Немецкие солдаты вошли в шахтерский поселок быстро и тихо. Огненный шквал пронесся совсем рядом, не опалив на половину пустых жилых домов. И только взорванные рядом шахты говорили о пришедшей страшной беде, о наступившем крутом повороте для каждого его жителя, многие из которых его уже покинули. В поселке еще оставались женщины, старики и дети лишенные всякой возможности к существованию в нем и потому спешно покидавшие свои жилища, а замешкавшихся жильцов новые хозяева выдворяли в сараи и другие подсобные помещения или просто во двор. Вихрастый с мамой и братом ютились в маленьком сарае для дров и готовились к отъезду. Рядом во дворе дед Егор мастерил тележку для вещей. Материалы для тележки дед подобрал на заброшенных шахтерских складах и теперь уже оставалось приделать только дышло (тонкую и прочную палку) чтобы одному человеку было легко и удобно передвигать и управлять тележкой. Подходящую для этой цели жердь дед увидел у самого края крыши сарая и тут же сорвал ее. Стоявший у ближнего дома солдат отреагировал на это неожиданно и быстро. Ошеломленный ударом приклада автомата дед Егор оказался лежащим на земле у дровяной колоды и не подавал никаких признаков жизни. При поднятом шуме детей и женщины, причитавших у тела деда, солдат удалился, посчитав свою миссию по защите имущества Рейха выполненной. Оксана, мама Вихрастого, установив, что дед еще жив, несколько успокоилась и, с трудом затащив его в сарай, занялась, непрерывно причитая, примочками ушибленного места. Дети сидели тихо, забившись в угол.

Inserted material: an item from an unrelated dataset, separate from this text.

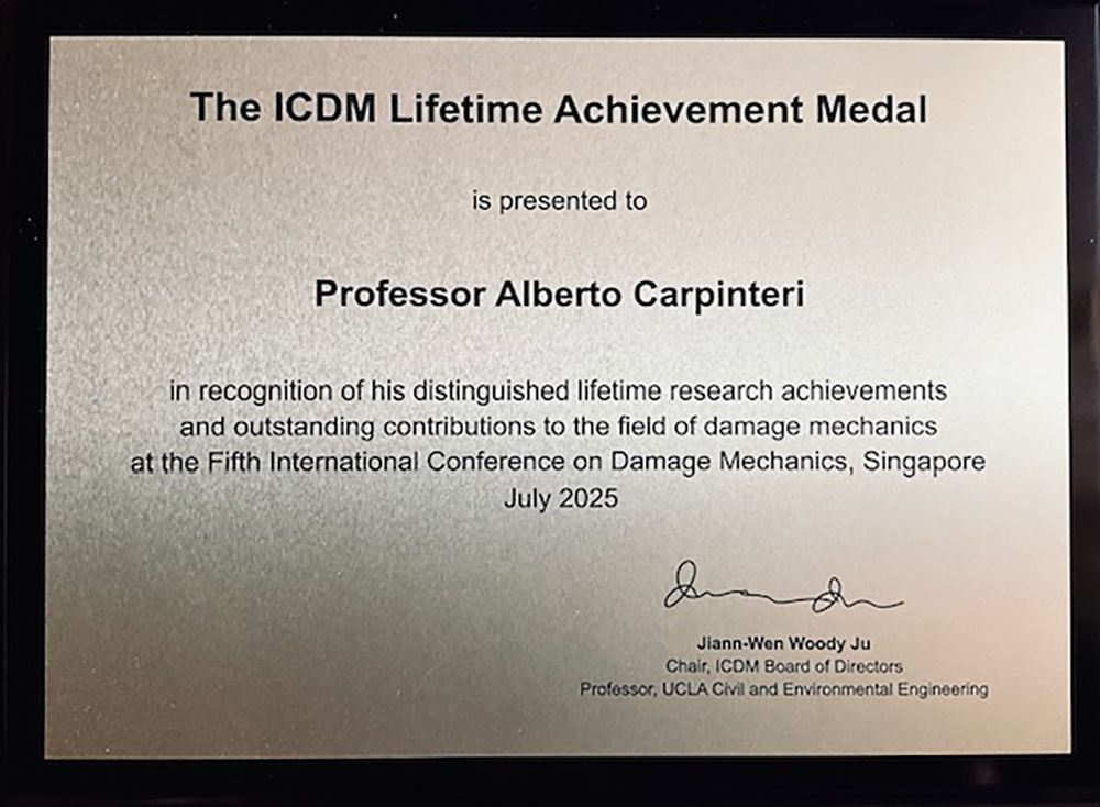 7月17日,第五届国际损伤力学国际会议(ICDM)在新加坡举行,汕头大学工学院教师Alberto Carpinteri教授被授予“国际损伤力学终身成就奖”,以表彰其在该领域作出的奠基性与持续性的卓越贡献。该奖项由大会主席、加州大学洛杉矶分校Jiann-Wen Woody Ju教授亲自颁发,是国际损伤力学领域的最高学术荣誉之一。

Только на следующий день дед Егор пришел в себя. С трудом вспомнив происшедшее, он попросил воды. Пришла тетя Таня, свояченица Оксаны. Тележку для Татьяны дед Егор смастерил еще несколько дней назад и теперь она дожидалась свояченицу чтобы совместно выйти в долгую дорогу в село на полтавщине, в котором когда-то жили родители их мужей. Им предстояло пройти более тысячи километров по бездорожью с поклажей и детьми и они готовились к этому с помощью деда Егора. Случившееся и неожиданная задержка угнетали и сильно испугали женщин. Последние дни они с детьми уже жили на одной картошке и зелени. Теперь они не могли оставить деда, да и вторая тележка была не готова.

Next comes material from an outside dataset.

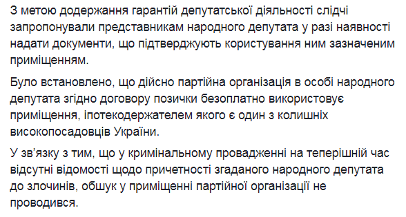 "Было установлено, что действительно партийная организация в лице народного депутата по договору ссуды безвозмездно использует помещения, ипотекодержателем которого является один из бывших высокопоставленных Украины", - говорится в сообщении.

Деда Егора в шахтерском поселке знали все. Для большинства по возрасту он был дедом, для многих дядей и только для некоторых просто Егором. В обращении к нему со стороны взрослых звучало почтительно - Степаныч. В этих краях с незапамятных времен жили его предки и сам он отлучался со своего хутора только на японскую и германскую войны. В конце двадцатых годов сюда пришли строители и его дети и внуки влились в новую бурную жизнь, полную надеждой и радостными ожиданиями. Последние события, как смерч, сломали все. Из родных деда в поселке никого не осталось, хотя близкими он считал всех сельчан, многим помогал и словом и делом, знал заботы и беды практически каждого. От того к деду было и уважение и почтение со стороны всех.

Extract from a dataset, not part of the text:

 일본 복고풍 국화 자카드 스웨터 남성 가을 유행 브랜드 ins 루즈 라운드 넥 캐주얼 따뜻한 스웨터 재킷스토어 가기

-Германец он и есть германец, - только и сказал дед, узнав о том что произошло, - я же знаю их нравы еще с первой мировой и должен был предвидеть.
Преодолевая головокружение и боль, он заставил себя съесть картошку и выпить компот, что приготовила Оксана. Еще немного полежав, и, собравшись с духом, вышел во двор, нашел, лежавший на прежних местах, инструмент, подобрал жердь и принялся за работу. Тот же солдат, стоявший на том же месте, смотрел на деда угрюмо и как-то растерянно, явно не понимая происходящего, и от того не решался на какие-либо действия а, со временем успокоившись, перестал обращать на него внимание. Через пару часов тележка была готова.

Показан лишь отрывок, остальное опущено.